- Born: 1943 (age 82–83) Tehran, Imperial State of Iran
- Education: University of California, Berkeley
- Occupation: Businessman
- Known for: Co-founder and CEO of Chef America Inc.
- Spouse: Elisabeth (Lilly) Merage
- Children: Richard, Michelle and Lauren

= Paul Merage =

American billionaire businessman (born 1943)

Paul Merage (born 1943) is an Iranian-born American billionaire businessman who co-founded Chef America Inc., the company that popularized the microwavable frozen snack Hot Pockets. In 2015, his net worth was estimated at $1.8 billion.

==Biography==
Merage was born in Iran in 1943 to a Jewish family, the son of Katherine and Andre Merage. He has four siblings: Louise, Camron, David, and Lin. His father ran an import/export business in France before he was forced to flee back to Iran prior to World War II. He attended Alborz High School in Tehran.

In 1961, at the age of 17, he immigrated to the United States to attend the University of California, Berkeley, where he earned a B.A. in economics and an M.B.A.

After college, he worked for nine years in a succession of increasing responsibilities in product management at General Foods (now Kraft Heinz Company), Hunt Wesson and Specialty Foods where he was director of new products. In 1977, he Founded Chef America, Inc. with his younger brother David. Initially, Paul Merage had to obtain three mortgages on his home to fund the business. When the company ran out of initial funding the brothers also had to borrow money from their parents. Chef America started by selling frozen Belgian waffles - then largely unfamiliar in the United States - to restaurants as they were difficult to cook. In 1977, the company had $12 million in sales and was the largest mass-producer of frozen Belgian waffles in the US.

In 1983, he noticed that as more women entered the work force there was a newly emerging need for a hot meal or snack that children could easily prepare themselves when returning from school. This demographic trend coincided with the development of microwave oven for home use. Even though microwave ovens did not have widespread distribution in US households in 1983, Merage correctly predicted that microwave oven usage would continue to grow exponentially. Merage developed the concept of a quick two-minute microwaveable meal which was all enclosed in a crust for ease of handling, using nothing more than a paper towel. He named it "Hot Pockets", and promoted it as the "Hot Meal without a Big Deal. " He personally led the effort to formulate this product; after two years of testing and experimentation, he developed and patented a unique process which resulted in a product with tasty fillings and a crispy crust. Chef America then marketed Hot Pockets nationally. By 1986, approximately 25% of US households owned a Microwave. As microwave ownership increased and as more women entered the workforce Hot pockets gained greater recognition and eventually became a success. In later years the company expanded the brand to Lean Pockets, Croissant Pockets and Breakfast Pockets. Merage reportedly does not like to eat Hot Pockets.

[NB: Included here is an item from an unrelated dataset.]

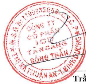
Trần Trí Dũng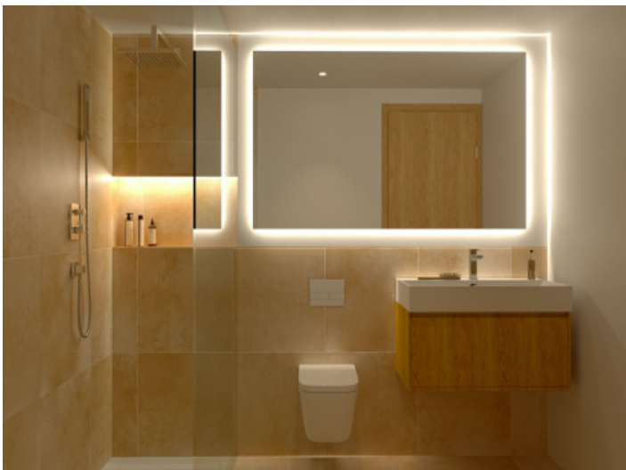
Baño con ducha

In October 2002, he sold Chef America to Nestlé SA for $2.6 billion; at the time, the company had sales of $750 million and over 1,800 employees.

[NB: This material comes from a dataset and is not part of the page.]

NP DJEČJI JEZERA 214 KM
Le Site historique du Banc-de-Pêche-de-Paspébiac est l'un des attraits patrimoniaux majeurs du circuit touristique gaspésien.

After the sale, he co-founded MIG group of investment companies in 2003 with Richard Merage and Greg Merage. He serves as chairman of MIG parent companies. MIG Capital LLC, managed by Richard Merage is a highly ranked US Hedge fund managing over US$1 billion in assets. MIG Real Estate, managed by Greg Merage is involved in development and management of commercial real estate. It manages a large portfolio of commercial properties coast to coast. MIG Private Equity is a fund of funds with a portfolio of investments ranging from consumer products to technology companies.

==Philanthropy==
In 2005, Paul and Lilly Merage donated $30 million to the School of Business at University of California, Irvine, which was renamed Paul Merage School of Business in his honor. Merage also donated $3 million to the Merage Jewish Community Center of Orange County, California. He has been an active member of the Business School's advisory board which he chaired for a number of years. He has been board member and a leading donor for the Pacific Symphony and has served on the board of the Orange County Performing Arts Center. For over a decade Merage has been a major and active supporter of El Sol Academy, a dual immersion charter school in Santa Ana, California founded in 2001 with 110 students, later enrolling nearly 1,000 students in preschool through eighth grade. One of Merage's major ongoing philanthropic programs is Merage Institute for U.S.-Israel Trade. The institute's Innovation Bridge Program has brought almost 1000 of the leading high tech Israeli scientists and business leaders to Newport Beach for a special two week business "boot camps". The "boot camps" are focused practical, best practices, on how to best introduce and promote new Israeli technologies in the U.S. to the mutual benefit of both nations. It addresses new technologies in such fields as life sciences, security, military, IT, food/agriculture and Financial Transactions.

==Personal life==
Merage is a member of the University Synagogue, a Reconstructionist synagogue in Irvine, California.